**Description of the task**
Transcribe the lines below exactly, beginning with the line that holds "- стойка сатинированная" and ending with the final line, both included. Pictures are to be left out.

**Supplied material**
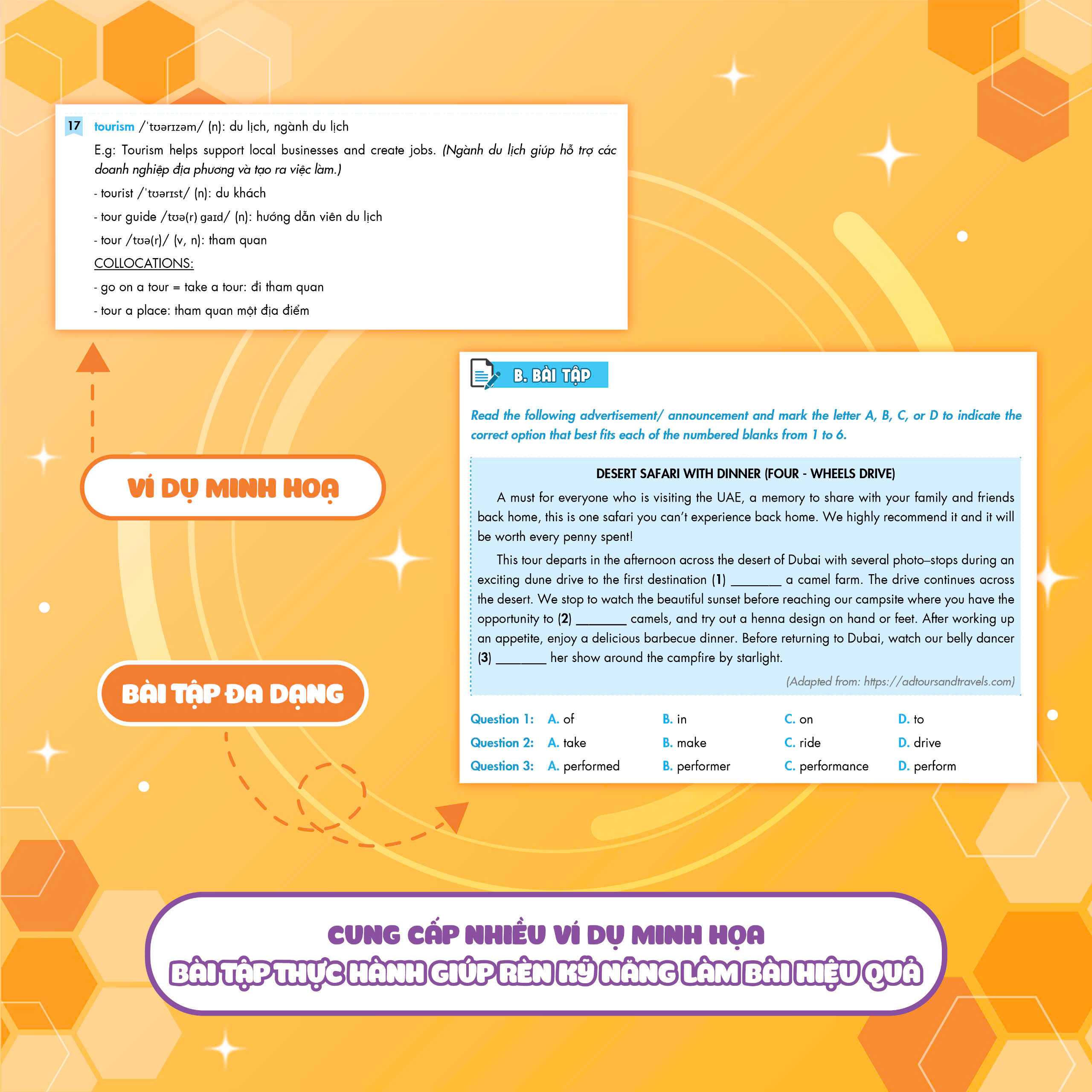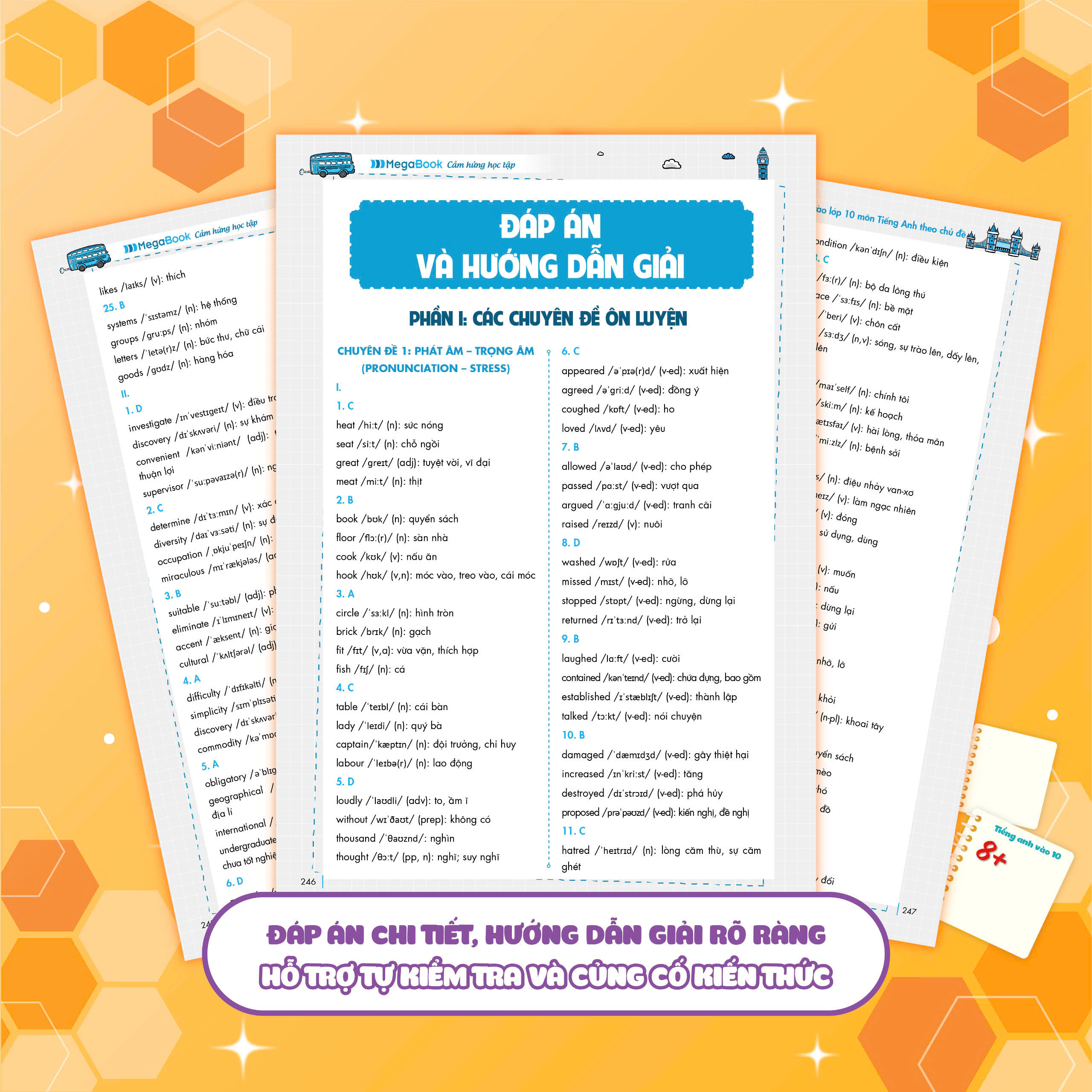 Tổng hợp đầy đủ kiến thức theo chuyên đề: Bao quát toàn diện các phần trọng tâm gồm Phát âm – Trọng âm, Từ vựng – Đọc hiểu, Ngữ pháp, giúp học sinh ôn tập có hệ thống và tiết kiệm thời gian.
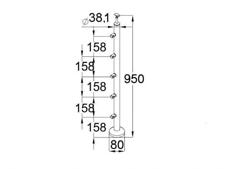 - стойка сатинированная круглая Ø38.1 мм с приварным фланцем - 1 шт.
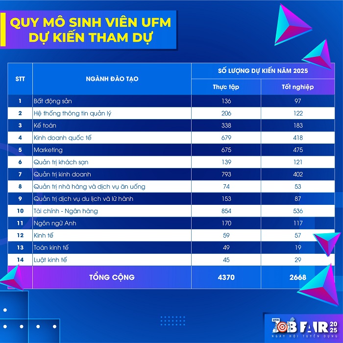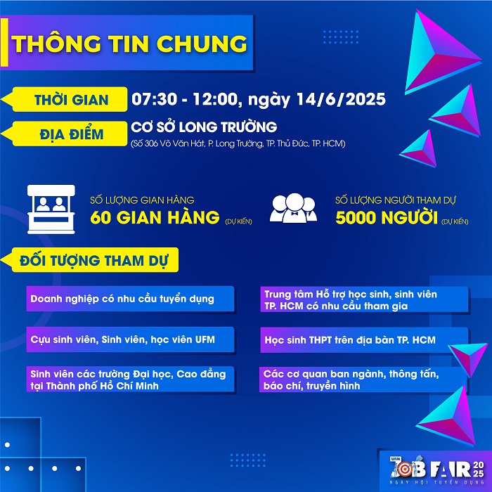 Trước thực tế thị trường lao động ngày càng cạnh tranh khốc liệt, Ngày hội tuyển dụng tích hợp – JOB FAIR UFM 2025 được tổ chức bởi Trường Đại học Tài chính – Marketing (UFM) hứa hẹn sẽ là cầu nối hiệu quả giữa sinh viên và doanh nghiệp, mang đến hàng loạt cơ hội việc làm hấp dẫn và thiết thực.
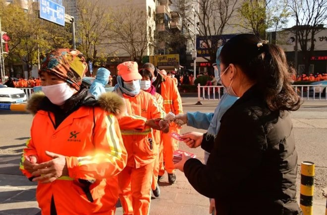 為保證疫情期間環(huán)衛(wèi)工人和所有工作人員的安全, 河南一峰旗下門店在活動(dòng)入口處專門設(shè)置了防疫監(jiān)測點(diǎn)。同時(shí),安排專人對(duì)活動(dòng)現(xiàn)場進(jìn)行全面消殺,為做到防疫要求,對(duì)每一位入場的環(huán)衛(wèi)工人都要佩戴口罩、測溫和消毒,并安排安保人員在現(xiàn)場維持秩序,保證了現(xiàn)場活動(dòng)安全有序開展。
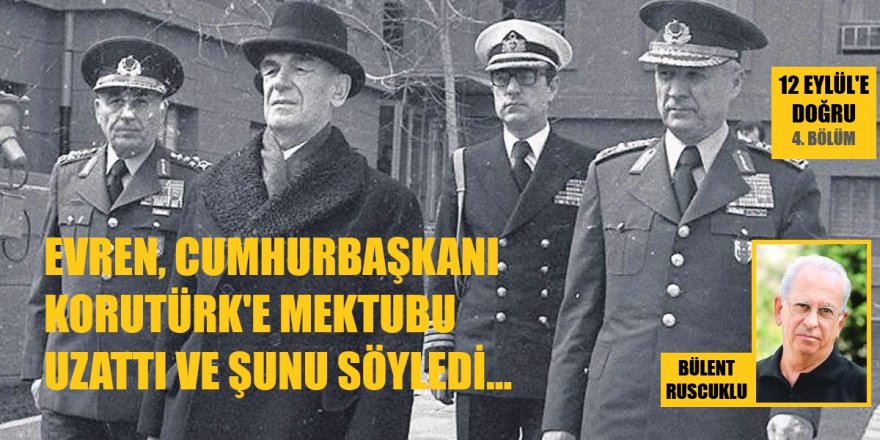 "12 Eylül'e doğru" yazı dizimizin bu bölümünde yine kapalı kapılar ardında konuşulanlar ilk kez okuyacak, ülkenin o günlerde neler yaşadığını göreceksiniz. Genelkurmay Başkanı Evren'in Cumhurbaşkanı Korutürk'e verdiği mektupta ne vardı? Mektup kimlere git

**Written reply**
 - стойка сатинированная круглая Ø38.1 мм с приварным фланцем - 1 шт.
 Trước thực tế thị trường lao động ngày càng cạnh tranh khốc liệt, Ngày hội tuyển dụng tích hợp – JOB FAIR UFM 2025 được tổ chức bởi Trường Đại học Tài chính – Marketing (UFM) hứa hẹn sẽ là cầu nối hiệu quả giữa sinh viên và doanh nghiệp, mang đến hàng loạt cơ hội việc làm hấp dẫn và thiết thực.
 為保證疫情期間環(huán)衛(wèi)工人和所有工作人員的安全, 河南一峰旗下門店在活動(dòng)入口處專門設(shè)置了防疫監(jiān)測點(diǎn)。同時(shí),安排專人對(duì)活動(dòng)現(xiàn)場進(jìn)行全面消殺,為做到防疫要求,對(duì)每一位入場的環(huán)衛(wèi)工人都要佩戴口罩、測溫和消毒,并安排安保人員在現(xiàn)場維持秩序,保證了現(xiàn)場活動(dòng)安全有序開展。
 "12 Eylül'e doğru" yazı dizimizin bu bölümünde yine kapalı kapılar ardında konuşulanlar ilk kez okuyacak, ülkenin o günlerde neler yaşadığını göreceksiniz. Genelkurmay Başkanı Evren'in Cumhurbaşkanı Korutürk'e verdiği mektupta ne vardı? Mektup kimlere git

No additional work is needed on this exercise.